As part of the keen international interest, the country has seen the arrival of French-based Havas Media International, South African media group, Carat and, in 2012, the American agency TBWA. The African-wide marketing services group Scangroup continues to occupy the greatest proportion of work in relation to advertising agencies, 70% in 2011.
Media Edge Interactive, the advertising branch of the indigenous integrated marketing house, and BluePrint Marketing, an Ogilvy Kenya subsidiary, were the latest companies to be formally admitted to the Advertising Practitioners Association (APA) membership roll. The APA is the umbrella organisation which enforces advertising standards through adherence to a code of conduct and advocates for professionalism among its members. Agencies must meet APA’s standards in relation to financial operations, professional management and ethical operating standards in order to attain recognition. Media Edge and BluePrint Marketing were admitted to the Association as part of its aim to open up membership to specialist agencies, raising the number of member agencies to 15.

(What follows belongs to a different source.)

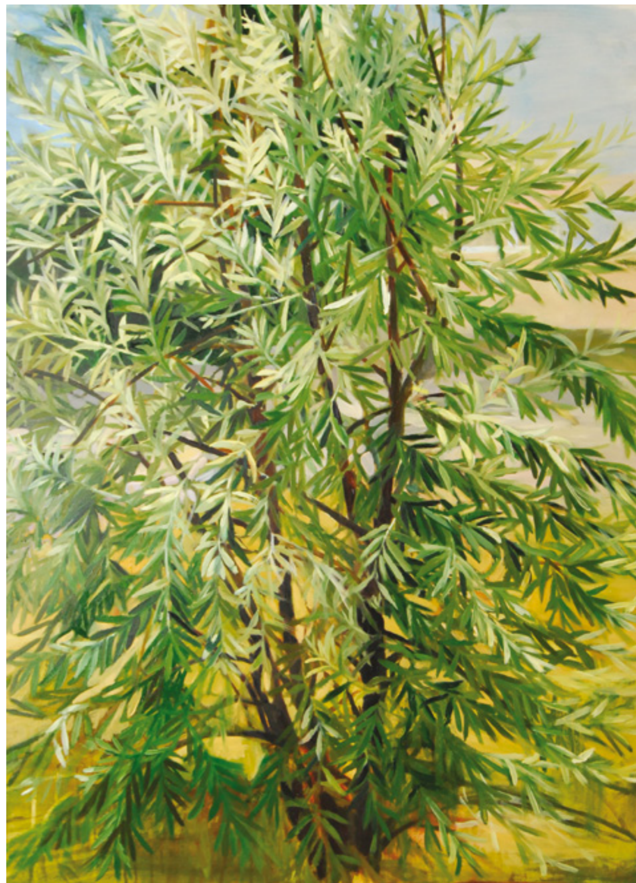
Fűzfa 150x110 cm, olaj, vászon, 2015.

The Public Relations Society of Kenya represents the industry in the country and has affiliations to regional, continental and global PR bodies. It aims to promote the industry in the country to adhere to global standards of professionalisation.
The World Economic Forum’s Global Competitiveness Report (2012-13) places Kenya 86th out of 144 countries in relation to the extent of marketing. It was given a value of 3.8 out of 7, below the world mean of 4.1, indicating that companies use of sophisticated marketing tools and techniques is not yet extensive. This was reflected in terms of the buyer sophistication indicator, once again placing 86th, with a score of 3.3 out of 7. Coming just below the world mean of 3.5, this suggests that buyers are less likely to make purchasing decisions based on a sophisticated analysis of performance attributes, than based solely on price.

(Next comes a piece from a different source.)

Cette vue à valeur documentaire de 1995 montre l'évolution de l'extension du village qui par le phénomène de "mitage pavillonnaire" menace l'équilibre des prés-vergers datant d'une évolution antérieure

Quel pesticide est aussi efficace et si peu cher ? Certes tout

Advertising in Kenya is predominantly based around the traditional forms of radio, television, newspapers and cinema. Radio continues to be the greatest beneficiary of spend on advertising – in the first quarter of 2012 KSh 8.1 billion was spent on radio advertising, which was four times higher than the amount spent on print media. This is partly thanks to the proliferation of vernacular and community stations in the country, with over 160 stations overall in 2012. The media is also attractive due to its low cost of entry compared to other forms. The second most significant media is television – with a advertising spend of 7.8 billion in first quarter of 2012.
Advertising is also adapting to technological advances, particularly in relation to mobile phones. Mobile advertising continues to develop into a key marketing channel within the increasingly technology-driven Kenya consumer market.